To enable service discovery, IB-Prometheus makes HTTP (GET) calls to the kubernetes api-server using following files mounted in the pod for authentication -

/var/run/secrets/kubernetes.io/serviceaccount/namespace
/var/run/secrets/kubernetes.io/serviceaccount/token
/var/run/secrets/kubernetes.io/serviceaccount/ca.crt

Additionally the kube-state-metrics needs following roles/bindings [refer: Role-based Access Control] in order to read kubernetes object states -

apiVersion: rbac.authorization.k8s.io/v1
kind: Role
metadata:
  labels:
    app: kube-state-metrics
  name: instabase-kube-state-metrics
  namespace: ib-namespace
rules:

- apiGroups: [""]
  resources:
  - configmaps
  - endpoints
  - limitranges
  - persistentvolumeclaims
  - pods
  - replicationcontrollers
  - secrets
  - resourcequotas
  - services
  verbs: ["list", "watch"]

- apiGroups: ["batch"]
  resources:
  - cronjobs
  - jobs
  verbs: ["list", "watch"]

- apiGroups: ["extensions", "apps"]
  resources:
  - daemonsets
  - deployments
  verbs: ["list", "watch"]

- apiGroups: ["autoscaling"]
  resources:
  - horizontalpodautoscalers
  verbs: ["list", "watch"]

- apiGroups: ["extensions", "networking.k8s.io"]
  resources:
  - ingresses
  verbs: ["list", "watch"]

- apiGroups: ["networking.k8s.io"]
  resources:
  - networkpolicies
  verbs: ["list", "watch"]

- apiGroups: ["policy"]
  resources:
    - poddisruptionbudgets
  verbs: ["list", "watch"]

- apiGroups: ["extensions", "apps"]
  resources:
  - replicasets
  verbs: ["list", "watch"]

- apiGroups: ["apps"]
  resources:
  - statefulsets
  verbs: ["list", "watch"]

- apiGroups: ["storage.k8s.io"]
  resources:
    - volumeattachments
  verbs: ["list", "watch"]

---

apiVersion: rbac.authorization.k8s.io/v1
kind: RoleBinding
metadata:
  labels:
    app: kube-state-metrics
  name: instabase-kube-state-metrics
  namespace: ib-namespace
roleRef:
  apiGroup: rbac.authorization.k8s.io
  kind: Role
  name: instabase-kube-state-metrics
subjects:
- kind: ServiceAccount
  name: {{service_account}}
  namespace: ib-namespace

Install stats

Create service accounts, roles and rolebindings for prometheus based on the files provided to you.
Apply the configmaps, deployment and services files shared with you.
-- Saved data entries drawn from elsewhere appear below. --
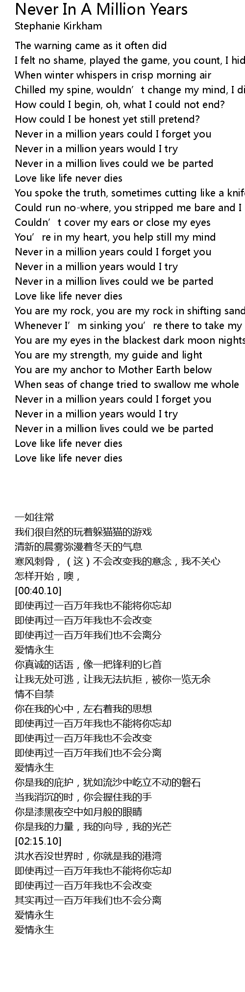 | [02:38.10] | 其实再过一百万年我们也不会分离 |
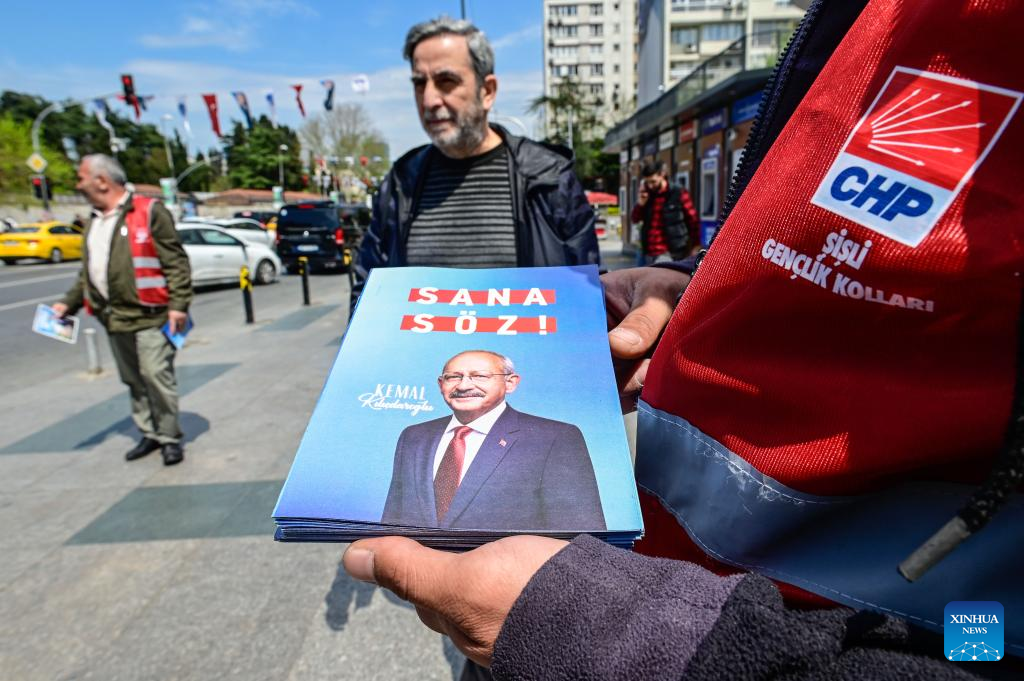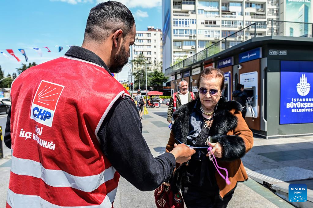 ISTANBUL, May 5 (Xinhua) --- As the upcoming Turkish presidential and parliamentary elections on May 14th are less than two weeks away, an army of canvassing volunteers is out in Istanbul's streets, trying their best to woo a vote from 11.3 million eligible voters living in Türkiye's largest city.
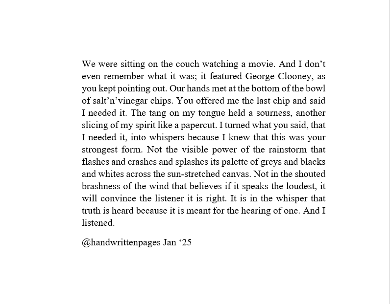 We were sitting on the couch watching a movie. And I don’t even remember what it was; it featured George Clooney, as you kept pointing out. Our hands met at the bottom of the bowl of salt’n’vinegar chips. You offered me the last chip and said I needed it. The tang on my tongue held a sourness, another slicing of my spirit like a papercut. I turned what you said, that I needed it, into whispers because I knew that this was your strongest form. Not the visible power of the rainstorm that flashes and crashes and splashes its palette of greys and blacks and whites across the sun-stretched canvas. Not in the shouted brashness of the wind that believes if it speaks the loudest, it will convince the listener it is right. It is in the whisper that truth is heard because it is meant for the hearing of one. And I listened.
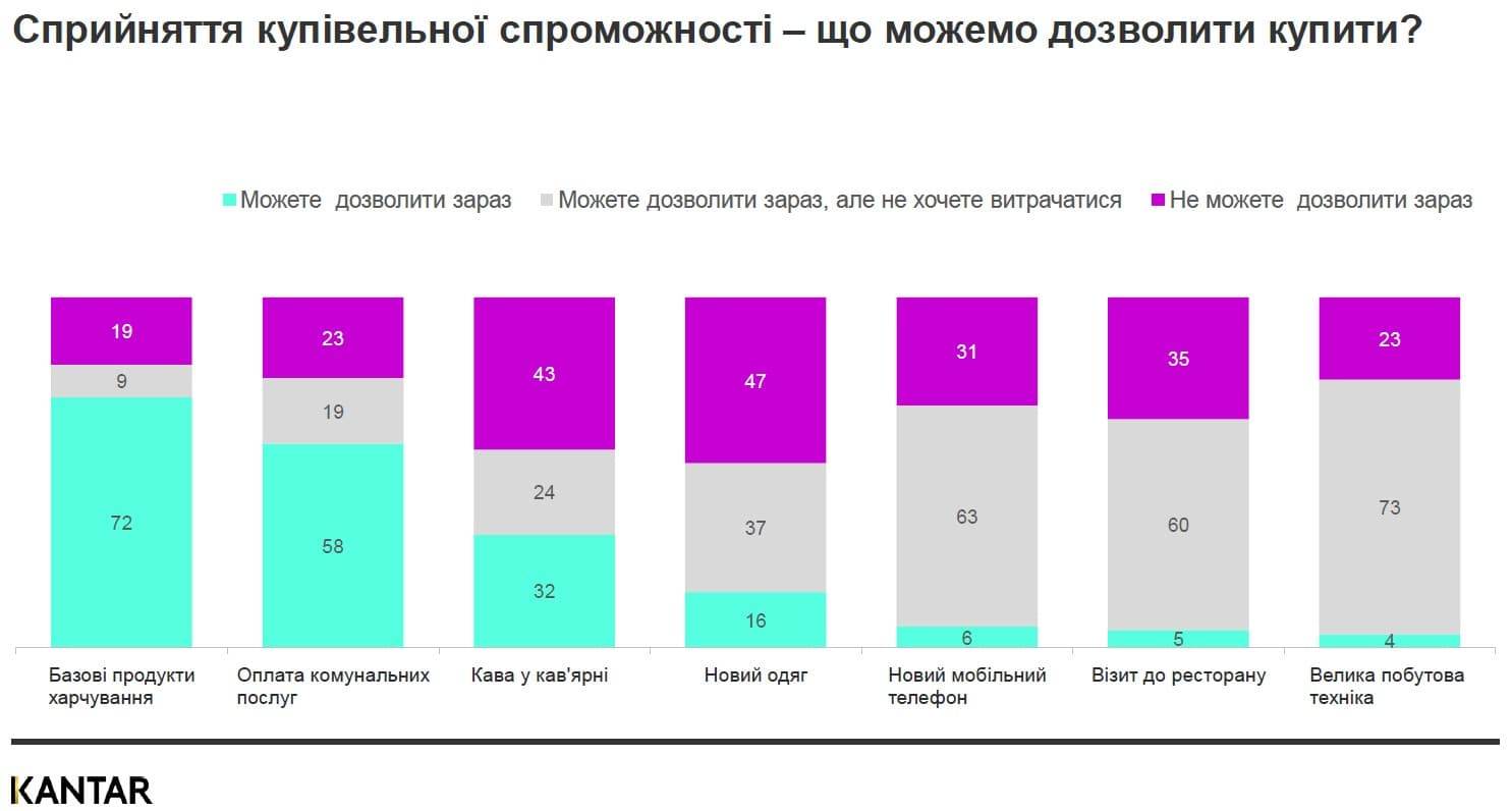 Большинство опасений украинцев связано с экономическими параметрами. 48% украинцев ожидают уровня инфляции 20% и выше, однако боятся не этого. Наибольший фактор для опасений украинцев – рост цен на продукты питания. На это указывает 66% украинцев и это вдвое больше страха потерять работы (33%) и опасений инфляции (32%). Страх нехватки ассортимента каких-либо брендов не превышает 5%. К экономии и потребительским ограничениям уже прибегают 53% украинцев. Только одна треть опрошенных потребителей может купить кофе в кафе, одна шестая – позволить себе купить новую одежду. Однако они указывают на это не в смысле, что нет денег, а в смысле есть деньги, и при этом “я готов их потратить на кофе или одежду”.
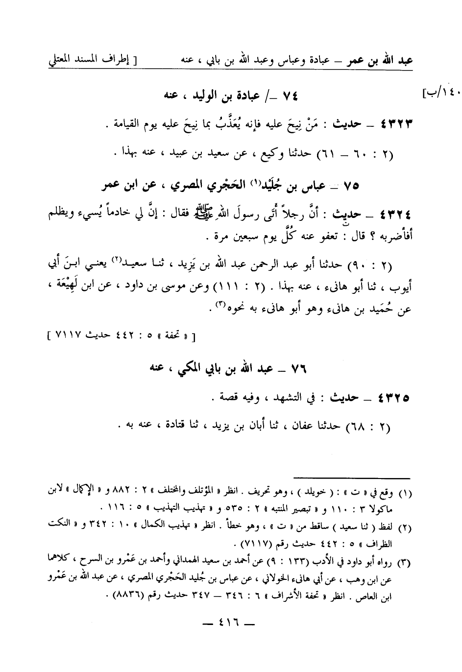 4324 -[ت] حديث: أنَّ رجلاً أَتَى رسولَ الله صَلَّى اللَّهُ عَلَيْهِ وَسَلَّمَ فقال: إنَّ لي خادماً يُسيء ويظلم أفأضربه؟ قال: تعفو عنه كُلَّ يوم سبعين مرة. (2: 90) حَدَّثَنا أبو عبد الرحمن عبد الله بن يزيد، ثنا سعيد يعني ابن أبي أيوب، ثنا أبو هانئ عنه بهذا. (2: 111) وعن موسى بن داود عن ابن لَهِيْعَة، عن حُمَيد بن هانئ وهو أبو هانئ به نحوه.
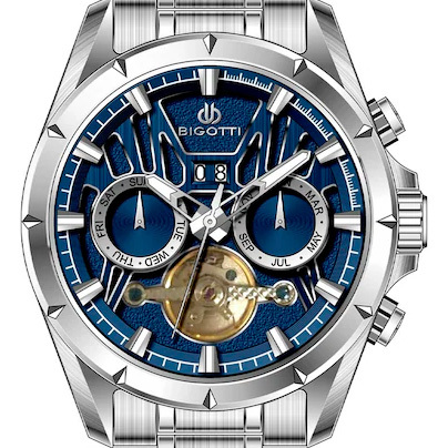 Корпус: Стильные мужские часы с частично скелетонизированным циферблатом. Корпус изготовлен из нержавеющей. Циферблат синего цвета. Часовые индексы и стрелки с люминесцентным покрытием. Прочное минеральное стекло обеспечит защиту часов от повреждений. Прочная задняя крышка. Завинчивающаяся заводная головка. Диаметр: 43 мм. Водонепроницаемость: 50 м.
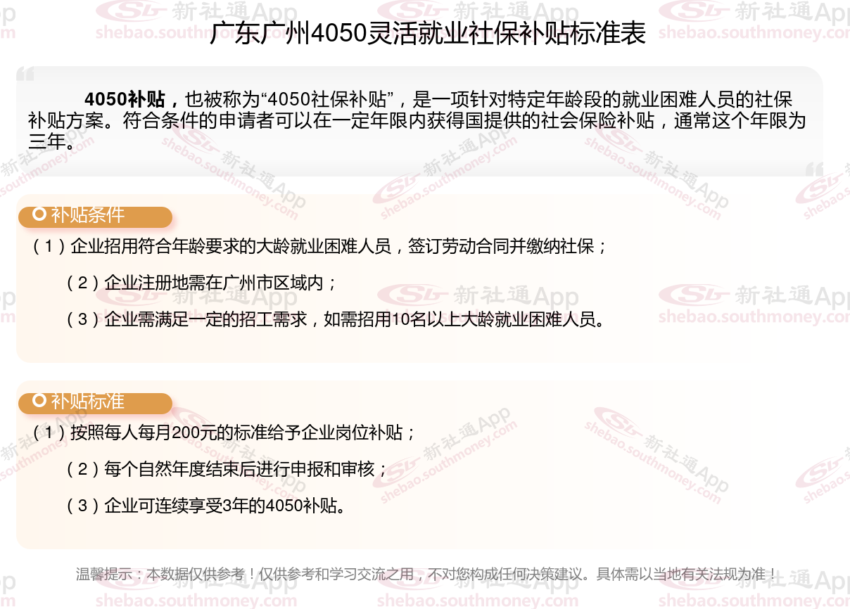 二、2023-2024年广东广州4050社保补贴标准及条件
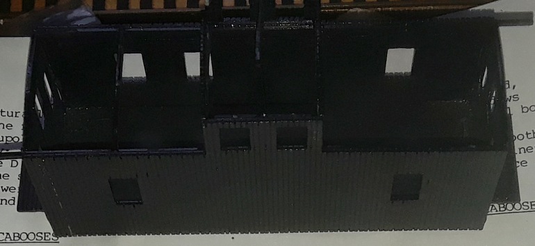 The kit was originally designed by Frank Titman. This generic caboose kit had one side of the sides embossed to represent wood planks, while the other side was smooth. The instructions indicate to use the smooth side if the modeler wanted to represent a steel caboose.
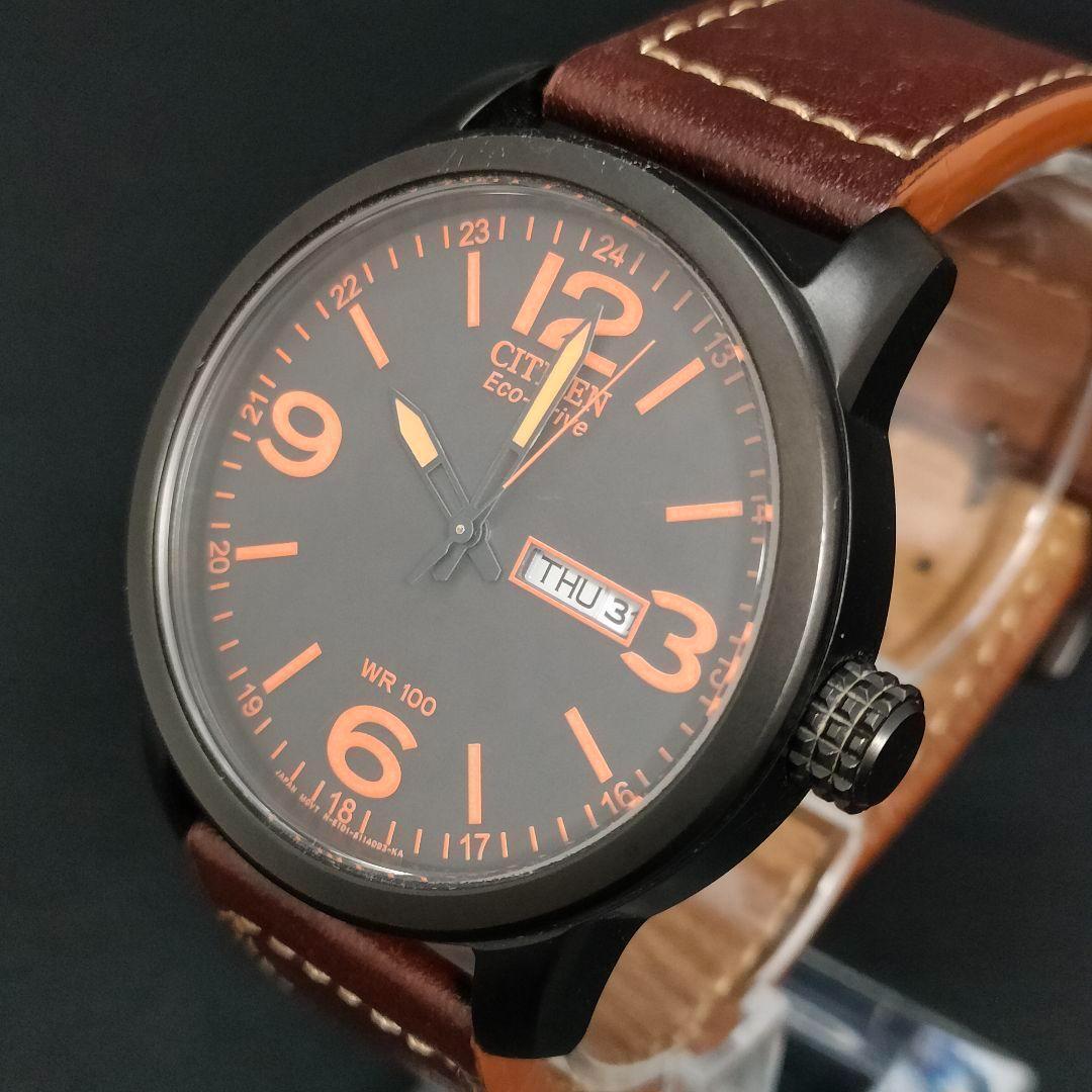 - 美品 CITIZEN シチズン ブラック オレンジ 電波ソーラー 腕時計 メンズ
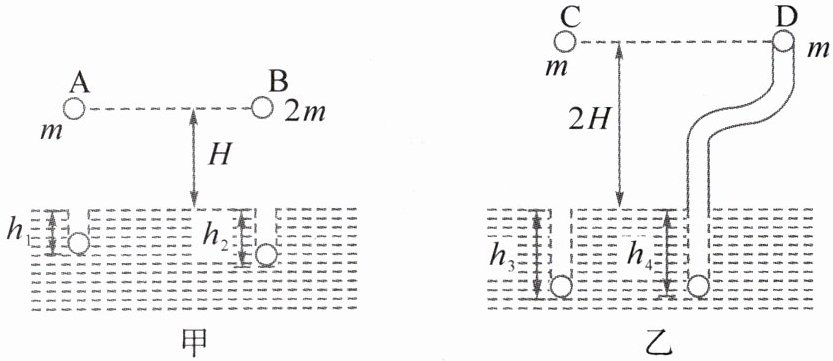 4. 在探究“物体重力势能的大小与哪些因素有关”时,让A、B两个质量不同的铅球从沙坑表面上方由静止释放,铅球落下后陷入沙子中,实验情景如图所示。

For setting up federation add the url and authentication details (if applicable) to Prometheus configmap file for the “job_name: ‘federate”.
Confirm that the following links are accessible via IB base urls. The login credentials for these are shared separately with Instabase
- Grafana: <base_url>/grafana
- Prometheus: <base_url>/prometheus/graph
- Alertmanager: <base_url>/alertmanager
Confirm that the datasources are available in Prometheus by navigating to status > targets in Prometheus UI.
Confirm that alerts are also available in the alerting UI by confirming for the dummy watchdog alert in the following screenshot.
Confirm that the data is available in grafana dashboards.